Voices

The most forsaken place

January 11, 2007


From the outside, 2019 Igania Street looked like a slightly dirty brick house with an overgrown lawn in a rough section of town.

Inside, a walk through the house was an uncomfortably intimate survey of lives frozen in the midst of a frenzied evacuation. At the doorstep lay a pile of ruined family photos that didn’t make it out before the flood. In the master bedroom, the caved-in ceiling covered a stash of porn DVDs that had spilled onto the floor next to a series of wedding portraits. In the next room, a young girl’s toys and clothes lay scattered across a room whose sole inhabitants are now rats and roaches.

The flood froze the lives of New Orleans’ Ninth Ward residents under a layer of mud that covered everything the same way that lava stopped time in the Roman city of Pompeii so many years ago.
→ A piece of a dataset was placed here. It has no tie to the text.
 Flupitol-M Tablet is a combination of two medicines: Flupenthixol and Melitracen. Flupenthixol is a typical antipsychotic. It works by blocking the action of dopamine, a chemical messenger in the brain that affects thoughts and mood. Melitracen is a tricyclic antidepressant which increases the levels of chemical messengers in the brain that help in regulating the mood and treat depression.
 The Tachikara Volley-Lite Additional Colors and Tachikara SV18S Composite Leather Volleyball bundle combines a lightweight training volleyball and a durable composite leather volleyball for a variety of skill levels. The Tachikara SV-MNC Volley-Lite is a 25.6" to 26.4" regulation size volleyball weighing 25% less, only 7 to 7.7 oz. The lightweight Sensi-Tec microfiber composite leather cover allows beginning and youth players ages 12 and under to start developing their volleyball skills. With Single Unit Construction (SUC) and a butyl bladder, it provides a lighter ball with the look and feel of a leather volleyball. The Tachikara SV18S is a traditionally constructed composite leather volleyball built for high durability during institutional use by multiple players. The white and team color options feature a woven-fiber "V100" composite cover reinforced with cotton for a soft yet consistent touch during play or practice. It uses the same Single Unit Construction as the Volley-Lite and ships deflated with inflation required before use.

In one house, the water had been running ever since municipal services were restored to the neighborhood, turning the ground floor into a moldy marsh. In many cases, triage rescue team members had been the only people to look in the houses since the flood, marking their presence with a spray-painted “x” and noting whether any corpses had been found.
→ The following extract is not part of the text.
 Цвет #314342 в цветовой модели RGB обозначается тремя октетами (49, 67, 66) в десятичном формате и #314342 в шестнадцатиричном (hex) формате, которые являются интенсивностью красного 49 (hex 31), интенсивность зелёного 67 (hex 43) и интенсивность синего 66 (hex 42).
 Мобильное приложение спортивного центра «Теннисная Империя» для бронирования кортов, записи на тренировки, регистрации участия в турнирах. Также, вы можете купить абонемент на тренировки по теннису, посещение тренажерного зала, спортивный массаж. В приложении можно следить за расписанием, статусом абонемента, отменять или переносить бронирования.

The Lower Ninth was at the center of the media’s attention during the storm. It was the place where a section of the levee system failed completely. The result was a rush of water that engulfed block upon block of the neighborhood and left residents stranded on their roofs or drowned in their attics.
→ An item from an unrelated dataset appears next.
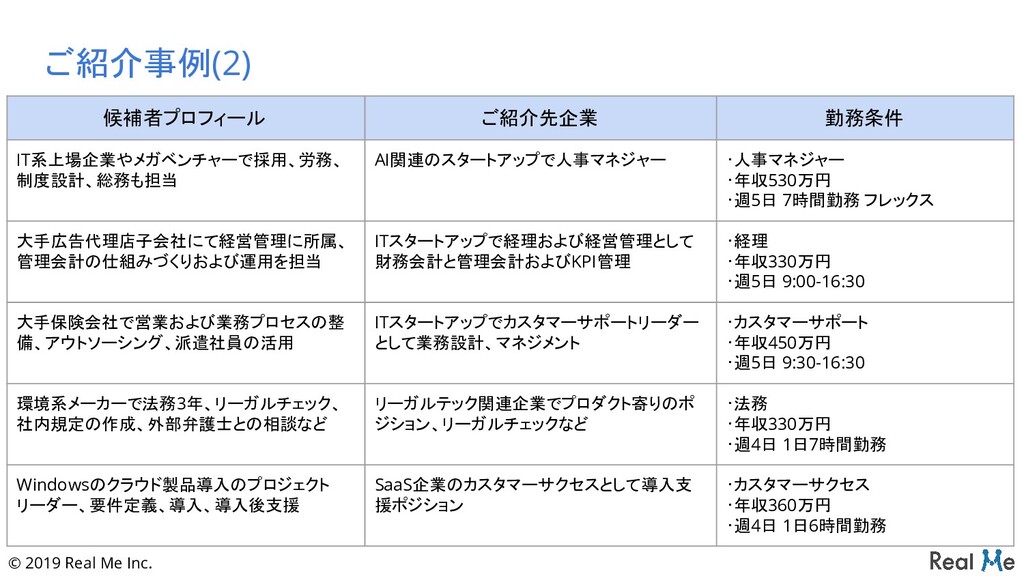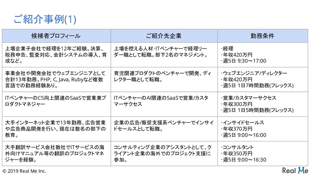 税務申告、監査対応、会計システムの導入、育 成など。 上場を控える人材・ITベンチャーで経理リー ダー職として転職。部下2名のマネジメント。 ・経理 ・年収420万円 ・週5日 9:30~17:00 事業会社や開発会社でウェブエンジニアとして 合計13年勤務。PHP, C, Java, Rubyなど複数 言語での勤務経験あり。 育児関連プロダクトのベンチャーで開発、ディ レクター職として転職。 ・ウェブエンジニア/ディレクター ・年収420万円 ・週5日 1日7時間勤務(フレックス) ITベンチャーのCS向上関連のSaaSで営業兼プ ロダクトマネジャー ITベンチャーのAI関連のSaaSで営業/カスタ マーサクセス ・営業/カスタマーサクセス ・年収300万円 ・週5日 1日5時間勤務(フレックス) 大手インターネット企業で13年勤務、広告営業 や広告商品開発を行い、現在は数名の部下の 教育。 企業の広告/販促支援系ベンチャーでインサイ ドセールスとして転職。 ・インサイドセールス ・年収370万円 ・週5日 9:00~16:00 大手翻訳サービス会社数社でITサービスの海 外向けマニュアル等の翻訳のプロジェクトマネ ジャーを経験。 コンサルティング企業のアシスタントとして、ク ライアント企業の海外でのプロジェクト支援に 参加。 ・コンサルタント ・年収350万円 ・週5日 9:00~16:30

Last week, 18 months after the flood, I arrived expecting to see a relief effort of American-sized proportions, with shiny federal equipment and soldiers working furiously to rebuild the ravaged neighborhood. Instead, before me was a desolate block where the small number of residents who have returned are met daily with packs of rats grown fat off spoiled food, and a landscape that eerily resembles the post-war photographs of bombed-out German cities. National Guard vehicles drive by occasionally, but only to patrol for looters, not to help in the relief effort.

Many of the condemned buildings have been bulldozed, but other houses, their backs broken by the surge of waters, mock the very concept of home and sag on the verge of collapse. On a major thoroughfare, a white van lies tipped completely on its side, and many of the sign-less streets are still blocked by debris or impassable potholes.

Inside many houses, the situation is even worse. The group I was with, Common Ground Relief, had a mission to “gut” all the houses that could potentially be salvaged; that is, remove all the disgusting mud-covered furniture, toxic refrigerators, and debris from the house, and then tear out the dry wall and ceilings to allow the frame of the house to dry and be treated for mold.

The most ubiquitous sight in the neighborhood are tour buses filled with tourists, who reportedly pay $42 when they get on in the French Quarter to ride through the ravaged cityscape and gaze at its unlucky residents through tinted glass.

This is not a story about what happened 18 months ago. It is a story about what is not happening now.